Todo empezó con un café en la Colonia Condesa. Hacía tiempo que la comunicación con mi amiga se resumía a mensajes de texto, correos, felicitaciones telegráficas en aniversarios. La enajenación normal de lo cotidiano. Pero ese día fue distinto. Se acababa de descubrir que el gobierno mexicano había adquirido el programa Pegasus: un software diseñado por la firma israelí NSO Group para espiar.

En países democráticos estas herramientas se usan para enfrentar redes criminales o para prevenir actos terroristas. En países autoritarios, la intimidación y el control de la información es uno de sus rasgos.

En México, la investigación de Citizen Lab y la RedR3D puso al descubierto el uso de Pegasus contra periodistas, activistas, políticos y científicos mexicanos. El capítulo se conocería como #GobiernoEspía. Las huellas de la intrusión estaban a la vista.

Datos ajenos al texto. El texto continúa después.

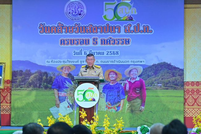 วันที่ 6 มีนาคม 2568 นายอิทธิ ศิริลัทธยากร รัฐมนตรีช่วยว่าการกระทรวงเกษตรและสหกรณ์ เป็นประธานพิธีงานวันคล้ายวันสถาปนาสำนักงานการปฏิรูปที่ดินเพื่อเกษตรกรรม (ส.ป.ก.) ครบรอบ 50 ปี โดยปีนี้จัดขึ้นภายใต้แนวคิด “5 ทศวรรษ ส.ป.ก. ก้าวที่มั่นคง สู่อนาคตที่ยั่งยืน” โดยมีนายเศรษฐเกียรติ กระจ่างวงษ์ เลขาธิการสำนักงานการปฏิรูปที่ดินเพื่อเกษตรกรรม ผู้บริหารและเจ้าหน้าที่ ส.ป.ก. เข้าร่วมอย่างพร้อมเพรียง ณ สำนักงาน ส.ป.ก. ถนนราชดำเนินนอก กรุงเทพฯ

Mi amiga era una víctima colateral de la privacidad robada. Había sido orillada a tomar medidas: tapó la cámara de su computadora y su celular con una cinta adhesiva. Bloqueó la geolocalización de sus aplicaciones. En sus conversaciones telefónicas, reinó el cuidado de las palabras. La actitud de quien se sabe permanentemente vigilado. Las autoridades siempre lo negaron.

Diez organizaciones de la sociedad civil que formaban parte de la Alianza para el Gobierno Abierto rompieron el diálogo. La confianza se hizo trizas. No ayudó que en los intentos por clarificar el contrato celebrado entre la entonces PGR y la empresa NSO Group la información quedó reservada, con la anuencia del INAI, hasta el 2021.

El gobierno actual ha insistido en que la vigilancia a ciudadanos es cosa del pasado. Como prueba: en el relanzamiento de los trabajos para lograr un Gobierno Abierto se incluyó el compromiso de desarrollar una política “para atender la vigilancia estatal ilegal en México”.

Sin embargo, la vulneración de la privacidad ya no es monopolio de los gobiernos. Y las leyes actuales alcanzan para muy poco.

Edward Snowden, exempleado de la CIA, fue de los primeros en alertar sobre la facilidad con la que ciudadanos comunes, seducidos por la ilusión de un “me gusta”, ceden voluntariamente el acceso a sus datos personales. Las empresas ganan, los ciudadanos pierden. Recientemente, un estudio realizado por el Instituto Internacional de Ciencias Computacionales de Berkeley, IMDEA Networks Institute de Madrid, la Universidad de Calgary y AppCensus encontraron que más de 12 mil aplicaciones recopilan información privada de los usuarios, sin el consentimiento explícito de los mismos.

A través de algoritmos, robots y sistemas de inteligencia artificial, los ciudadanos son nodos de información sobre los que se diagraman relaciones, contactos, gustos y rutinas utilizadas para vender, manipular, sesgar.

Recientemente Apple, Google y Amazon aceptaron que contratistas analizan el desempeño de asistentes virtuales como Siri y Alexa para supuestamente mejorar los servicios. El lado oscuro es que estas aplicaciones se pueden detonar automáticamente frente a ciertos sonidos como el deslizamiento de un zíper o la identificación de una voz. Momentos privados, muchos de ellos íntimos, que son supervisados por terceros. Los grandes desarrolladores de tecnología insisten en que actúan apegados a avisos de privacidad. Sin embargo, las áreas grises, o las cuatro páginas que hay que leer cada que compramos una aplicación, facilita estas vulneraciones. Después de Pegasus habrá que pensar cómo defendernos frente a nuevos intrusos de la privacidad. Mientras tanto, antes de apagar la luz, saquemos el teléfono del cuarto.